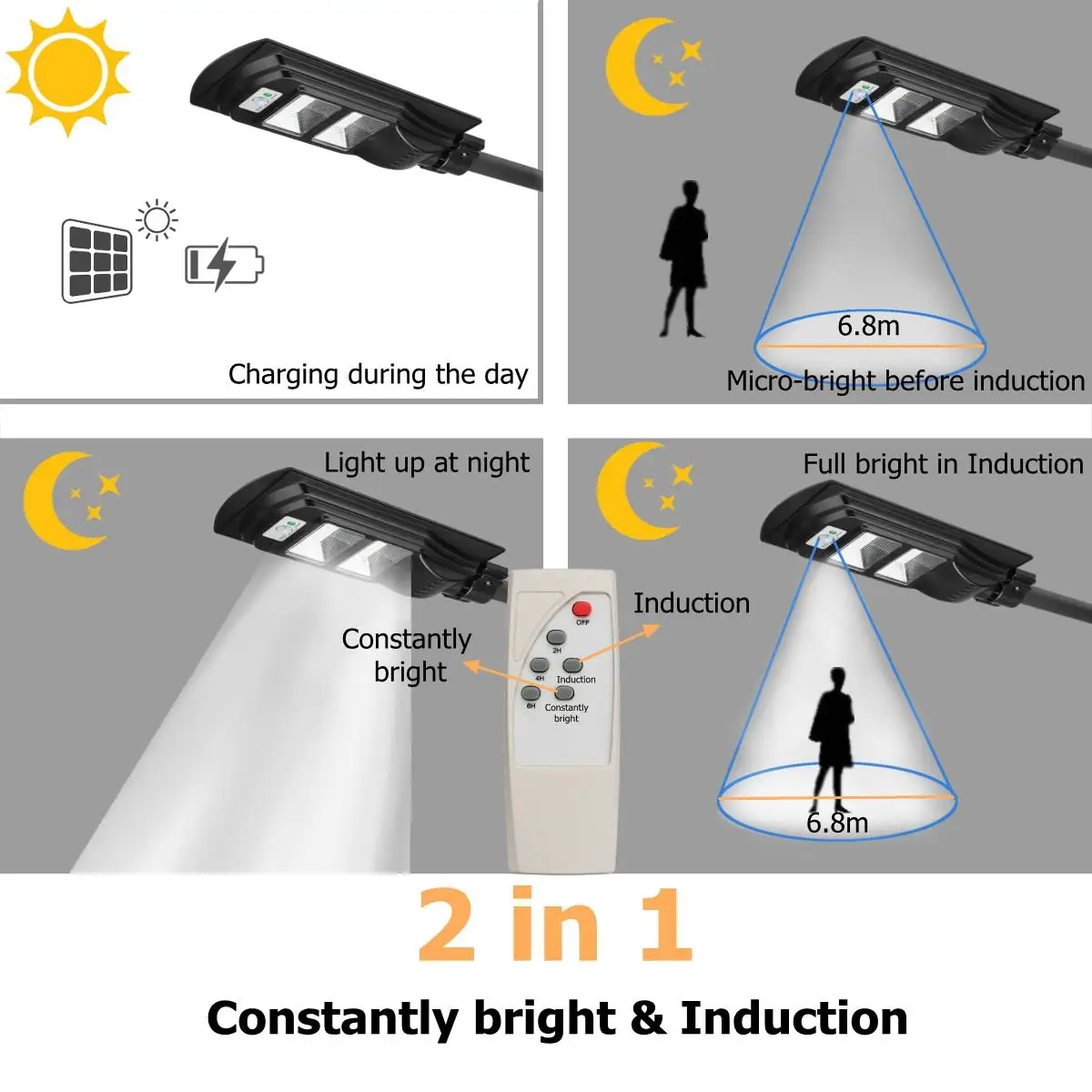 Особенности: -50/100/150 светодиодный s высокой яркости 3030 светодиодный точечные лампы энергосбережения, даже светильник, продлевающие удовольствие. -Поликристаллическая солнечная панель преобразует солнечную энергию в электричество, более экологически чистый. -ABS цельный корпус, высокая твердость, герметичный и водонепроницаемый -Простая установка, без технического обслуживания надежная работа без необходимости подключения или траншеи. Водонепроницаемый алюминиевый сверхпрочный корпус. -Пожалуйста, включите переключатель перед установкой или зарядкой. -Применение: наружная стена или столб на площади, парке, саду, во дворе, улице, дорожке, пути, кампусе, ферме, периметре безопасности и т. Д. Характеристики: Материал корпуса: АБС-пластик + Поликарбонат Источник света: светодиодный светильник высокой яркости 3030 (ярче, более устойчив к температурам) Цветовая температура: 6500K ~ 7000K (холодный белый) Уровень водонепроницаемости: 97% герметичный эффективный водонепроницаемый (дождь) Система управления: пульт дистанционного управления Светильник Статус: непрерывной яркости Угол срабатывания: 120 градусов Рекомендуемая высота установки: 3-5 м Степень водонепроницаемости: IP65 Площадь облучения: 80/120 квадратных метров Напряжение: 6 В Батарея Емкость: 3,2 V/6000 ~ 12000 мА-ч Система управления: светильник + радар-датчик интеллектуального распознавания + пульт дистанционного управления (Система управления: светильник + пульт дистанционного управления + индукция радара (когда вы выбираете время 2/3/4 часов, 2/3/4 часовой светильник будет в постоянном светильник 100%) Солнечная панель: 6V поликристаллическая солнечная панель Время солнечного света: около 10 ч Источник питания: Встроенный литий-железо фосфатный аккумулятор Продукт: Мощность: 60 Вт Светодиодный Кол-во: 50*3030 светодиодный Батарея Capcity: 6AH литий-железо фосфат батарея Время освещения полной зарядки: 13 часов Режим: непрерывный Яркий + пульт дистанционного управления Светильник Цвет: белый Цвет корпуса: черный Материал: АБС-пластик Площадь облучения: 80 квадратных метров Размер корпуса лампы: 395x210x6 0 мм/15,6 "x 8,3" x 2,4" Размер панели солнечных батарей: 301x18 7 мм/11,9 "x 7,4" Мощность: 90 Вт Светодиодный Кол-во: 100*3030 светодиодный Батарея Capcity: литий-железо-фосфатная батарея 8AH Время освещения полной зарядки: 13 часов Режим: непрерывный Яркий + пульт дистанционного управления Светильник Цвет: белый Цвет корпуса: черный Материал: АБС-пластик Площадь облучения: 100 квадратных метров Размер корпуса лампы: 495x240x7 0 мм/19,5 "x 9,4" x 2,8" Размер панели солнечных батарей: 396x21 2 мм/15,6 "x 8,3" Мощность: 150 Вт Светодиодный Кол-во: 150*3030 светодиодный Батарея Capcity: 12AH литиевая железная фосфатная батарея Время освещения полной зарядки: 13 часов Режим: непрерывный Яркий + пульт дистанционного управления Светильник Цвет: белый Цвет корпуса: черный Материал: АБС-пластик Площадь облучения: 120 квадратных метров Размер корпуса лампы: 635x260x7 0 мм/25 "x 10,2" x 2,8" Размер панели солнечных батарей: 507x23 0 мм/19,9 "x 9,1" Посылка включает в себя: 1x60/90/150W Солнечный уличный светильник 1 x пульт дистанционного управления (требуется 2 * AAA батареи, но не включены) Дополнительный аксессуар: 50 см монтажный столб |
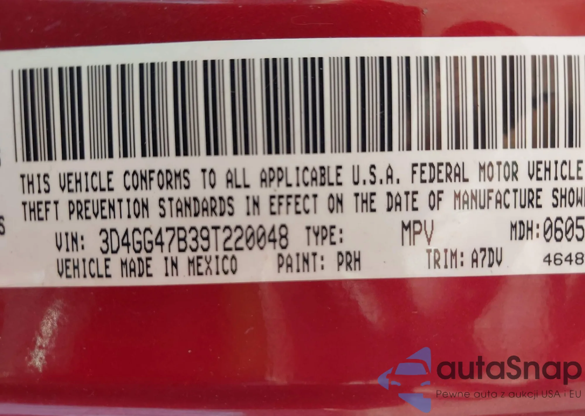 LOT: 41875371 VIN: 3D4GG47B39T220048
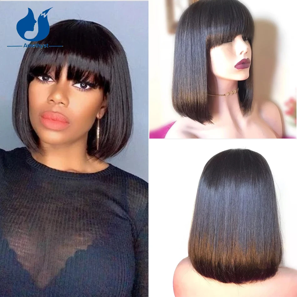 Аметист 200 плотность короткий Боб человеческие волосы парики с челкой для женщин головы топ полный машинный парик бразильский 100% Remy волосы Glueless
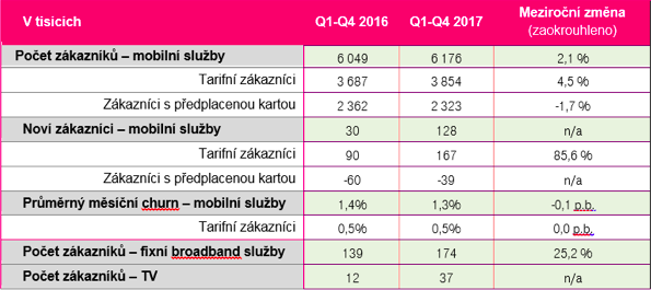 Co se týče mobilního trhu, k poslednímu dni roku 2017 měl T-Mobile skoro 6,2 milionů zákazníků. Více než 3,8 milionu bylo zákazníky tarifními a 2,3 milionu si vybralo předplacené služby. Nejoblíbenější byly tarify Mobil M a Mobil S, které odpovídají na velký zájem o data.
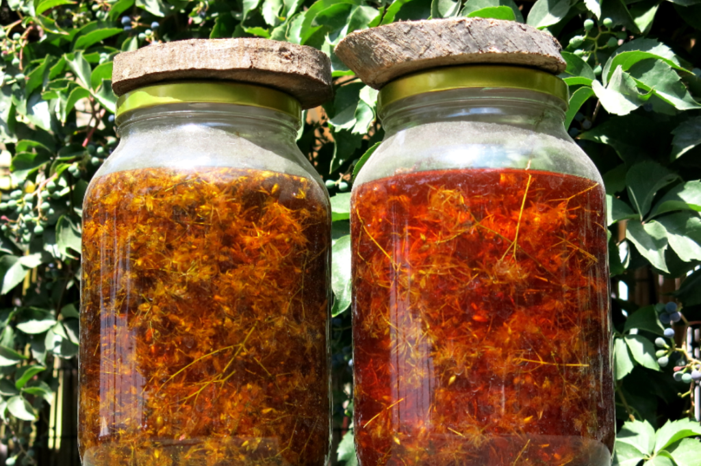 Di giorno si espone alla luce del sole e di notte si tiene al coperto, mescolando di tanto in tanto. L’ultimo giorno si filtra e si conserva in contenitori di vetro scuro. L’olio ottenuto, chiamato Ollu arrubiu, Olio rosso o Olio di San Giovanni, viene utilizzato come prodigioso medicamento contro le bruciature ma anche come antidolorifico locale in caso di traumi lievi o malattie croniche che riguardano muscoli e arti, nonché per medicine tradizionali esorcistiche in formula di pratica chiusa.
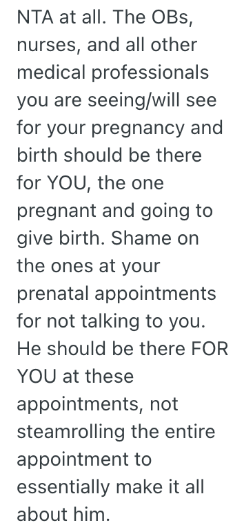 I don’t even want him to go the prenatal appointments anymore because no one talks to me.

**Assignment**
The lines from the one containing "Di giorno si" through the last line above are to be repeated exactly, and only those. Any pictures must be left out.

**Reply to the exercise**
 Di giorno si espone alla luce del sole e di notte si tiene al coperto, mescolando di tanto in tanto. L’ultimo giorno si filtra e si conserva in contenitori di vetro scuro. L’olio ottenuto, chiamato Ollu arrubiu, Olio rosso o Olio di San Giovanni, viene utilizzato come prodigioso medicamento contro le bruciature ma anche come antidolorifico locale in caso di traumi lievi o malattie croniche che riguardano muscoli e arti, nonché per medicine tradizionali esorcistiche in formula di pratica chiusa.
 I don’t even want him to go the prenatal appointments anymore because no one talks to me.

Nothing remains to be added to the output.